CHAOS
2026-04-14 17:39:29.599667+02 by Dan Lyke 0 comments
Finished CHAOS: Charles Manson, the CIA, and the Secret History of the Sixties by Tom O'Neill and Dan Piepenbring last night. Read it on the suggestion of a friend. I forget the context in which it came up, but...
It makes a compelling case that the LAPD and DA's office told a story about what happened that wasn't consistent with the facts, and that there was a lot of bumbling between the LASD and the LAPD. It raised a lot of questions about why Manson and his entourage may have been treated very leniently before the murders by both law enforcement and the judiciary. It points out a whole lot of intersections between the CIA's MKUltra program and various aspects of the '60s counterculture that intersected with Mason and crowd.
What I don't know after reading this is how out of the norm these various connections are. We know from so many cases in the intervening years that the LAPD and the LASD as institutions have practices of altering crime scenes and reports to fit a DA's narrative, and that judges are wont to, say, give young women who are having their first interactions with the court a little leniency in hopes that they can straighten themselves out without punishment (since, let's be fair, that's the main remedy courts have).

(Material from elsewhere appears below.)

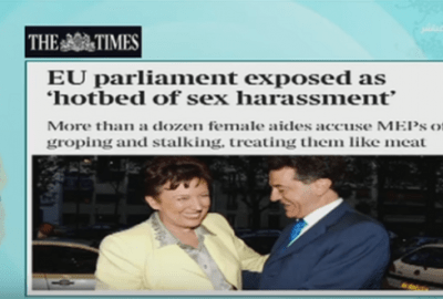 أضاف “رضوان” أن الأمور بدأت تتجه للبرلمان الأوروبي لعكس ما يحدث به من تجاوز، حيث نشرت صحيفة الـ “تايمز” الإنجليزية أخبارًا تفيد تحول البرلمان الأوروبي لملتقى للتحرش الجنسي، حيث تعرضت أكثر من 12 سيدة من المساعدين داخل البرلمان للتحرش شبهن التعامل معهن داخل البرلمان على أنهن “لحوم”.
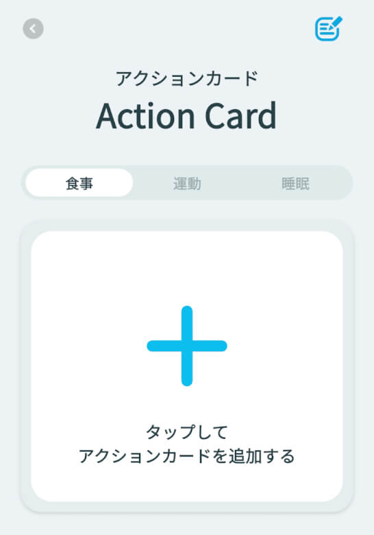 食事や運動、睡眠のアクションカードを設定できます。

We also know that various US federal agencies engage in some sketchy shit in terms of internal US policies, and what university research gets funded, and a lot of this stuff may have been cleaned up a bit in the intervening years, with IRBs and all.
And the book acknowledges all of this.
So, yeah, a good read in understanding how, for instance, "conservative" factions act to make sure that the counter-culture acts in the ways that they fear, in seeing a lot of how prosecutors and "law" enforcement act to reinforce their initial suspicions, in how so much of society is intertwined. I recommend it from that front.
But frustrating (and, again, the author acknowledges this) that in the end this is the tangled yarn of a connection board without a clear picture emerging. It's the tale of the decisions a society makes, without an overarching story.
Fascinating read, I'm glad I went through it, but still trying to figure out what it means.